Импульс духа прорастает из глубины человеческих сердец, так что первым его плодом стало изменение внутренней жизни наиболее чутких к духовным веяниям людей. Прежде всего претерпели изменение сокровеннейшие движения души – жизнь религиозная, связывающая личность с Источником ее существования, укореняющая в бытии. И в самом деле, весь Серебряный век, – философия, поэзия, музыка, живопись, театр, – точно фантастический цветок, распустился из одного мистического семени – христианства в версии Соловьева. Оно, разумеется, было преемственно связано с традиционным православием, но имело иную духовно-смысловую окрашенность.
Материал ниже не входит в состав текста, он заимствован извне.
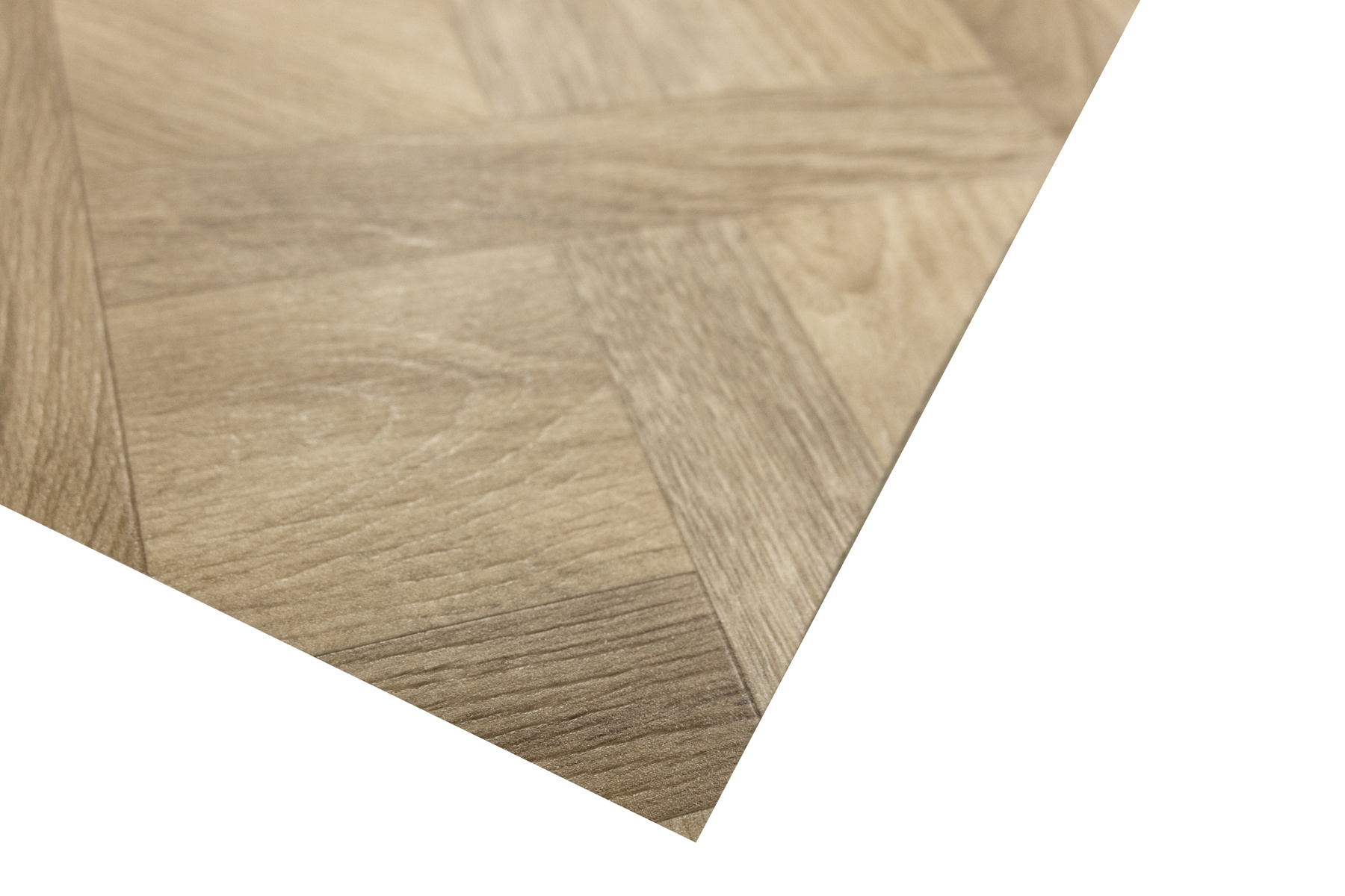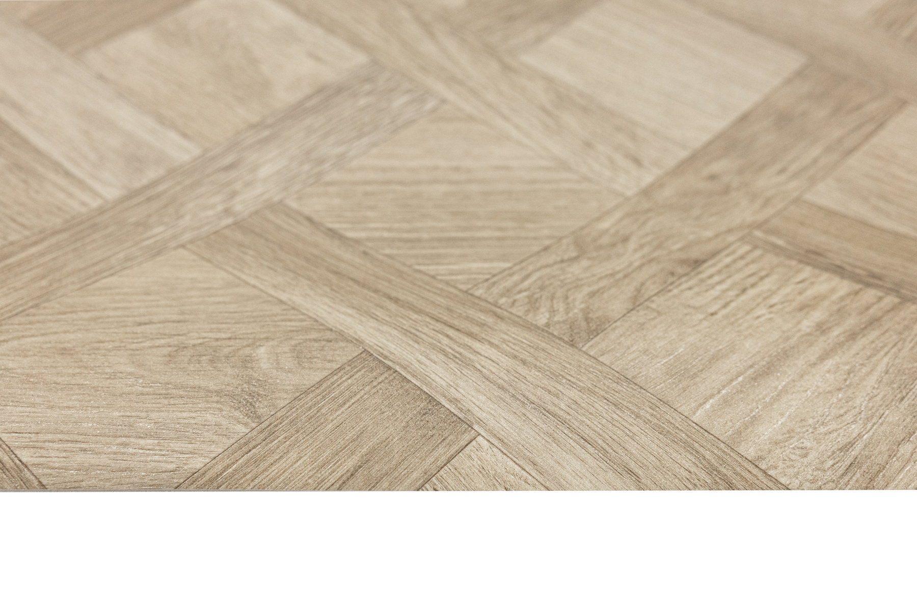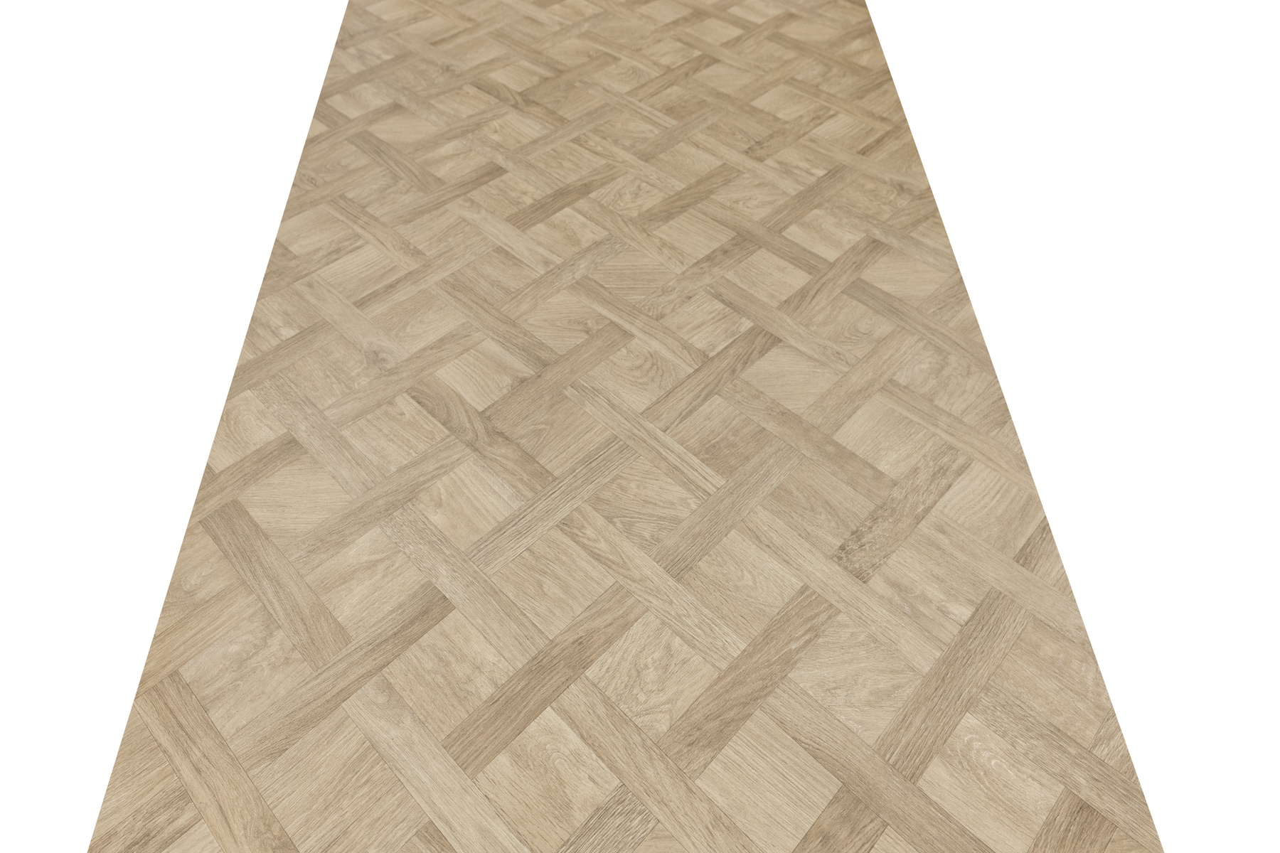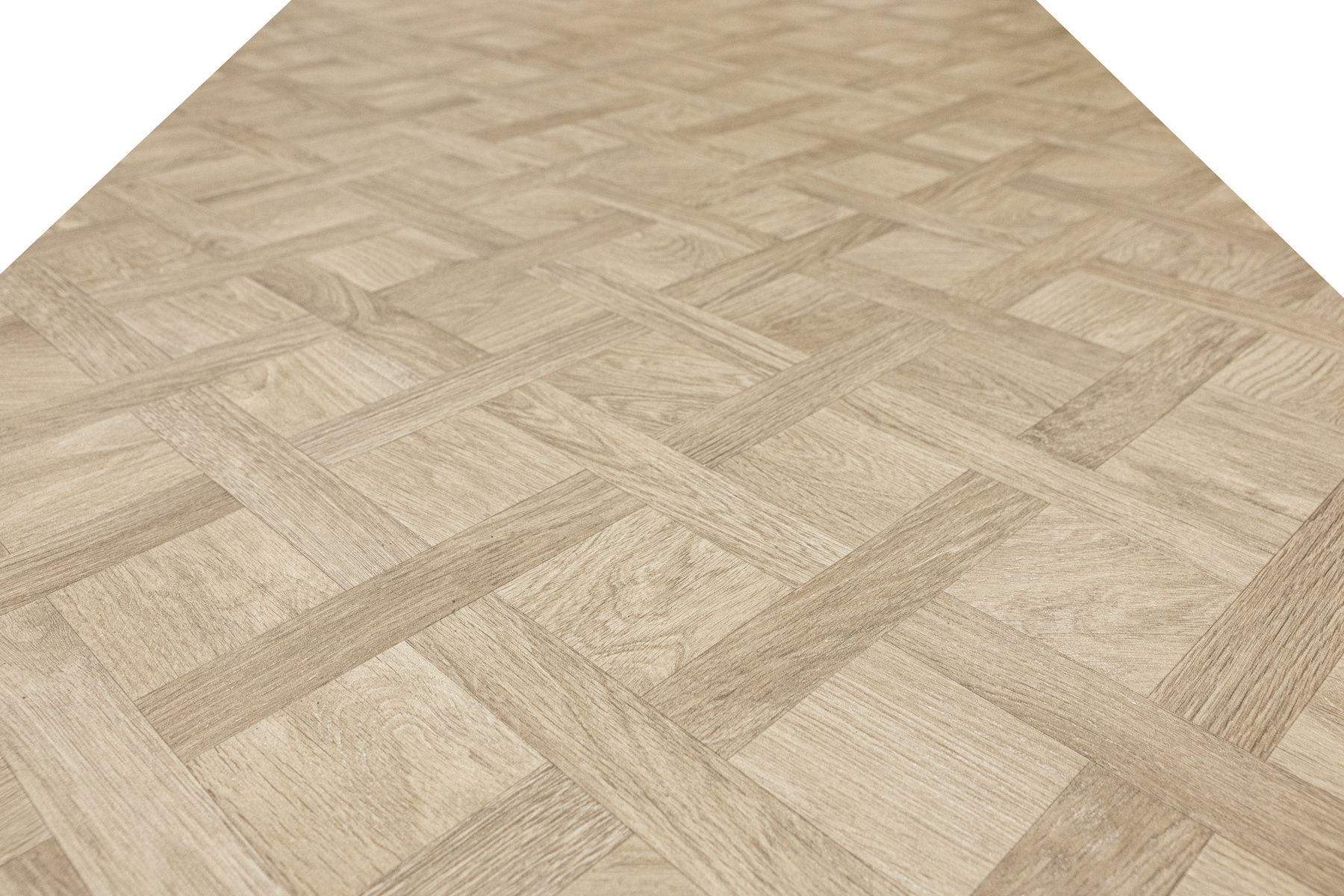 • Wykładzina PCV Bingo Giuliano ze wzorem imitującym parkiet, podłogę z desek, klepek ułożonych w pałacowym stylu wersalskim w odcieniach beżu i brązu.

Ключевой для трудов Соловьева стала несколько необычная для традиции идея Богочеловечества, сделавшаяся основой новой русской духовности.

Истоком мысли Соловьева был его мистический опыт – общение с неким духовным существом, которое сам философ идентифицировал как библейскую Софию Премудрость Божию: о встречах с Софией он рассказал в своих стихах (прежде всего в поэме «Три свидания»), метафизическому учению о ней посвятил ряд книг и трактатов. Насколько доброкачественным в духовном отношении был опыт Соловьева – вопрос этот, видимо, надолго останется открытым. Тем не менее тему Соловьева подхватили, миф о Софии врывался в судьбы людей (вспомним историю Анны Шмидт и вихрь событий вокруг Л. Д. Блок). Гипотезой Софии объясняли всё и вся – от экономических законов хозяйства до тайн языка; наконец, уже в эмиграции С. Булгаков (глава возникшего к тому времени – по благословению патриарха Тихона – Братства Святой Софии) создает богословскую софиологическую «сумму» и претерпевает за это удары со стороны церковных традиционалистов… Без преувеличения можно утверждать, что под знаком Софии стоял весь Серебряный век.

На перевале веков и культурных эпох в мир приходят также Евгения и Аделаида Герцык. Да, это были новые души, призванные, подобно их друзьям – Бердяеву, Булгакову, Иванову, воспринять и творчески проработать новое духовное содержание. Их искания, – более того, сама их жизнь оказались связанными с софийной идеей, с христианским обновлением. Было ли случайностью, что их мать носила имя Софии? Софией стала и Аделаида Герцык, перейдя в 1915 г. из лютеранства в православие: она пошла на это под влиянием бесед с Булгаковым и чтения «Столпа и утверждения Истины» Флоренского. София упоминается в текстах Евгении, которая пыталась проникнуть в тайну этого высочайшего ангела… Короче говоря, сестры Герцык были тоже вовлечены в процесс творчества по созданию новой культуры, и приметы этого призвания следует искать уже в особых обстоятельствах их детства.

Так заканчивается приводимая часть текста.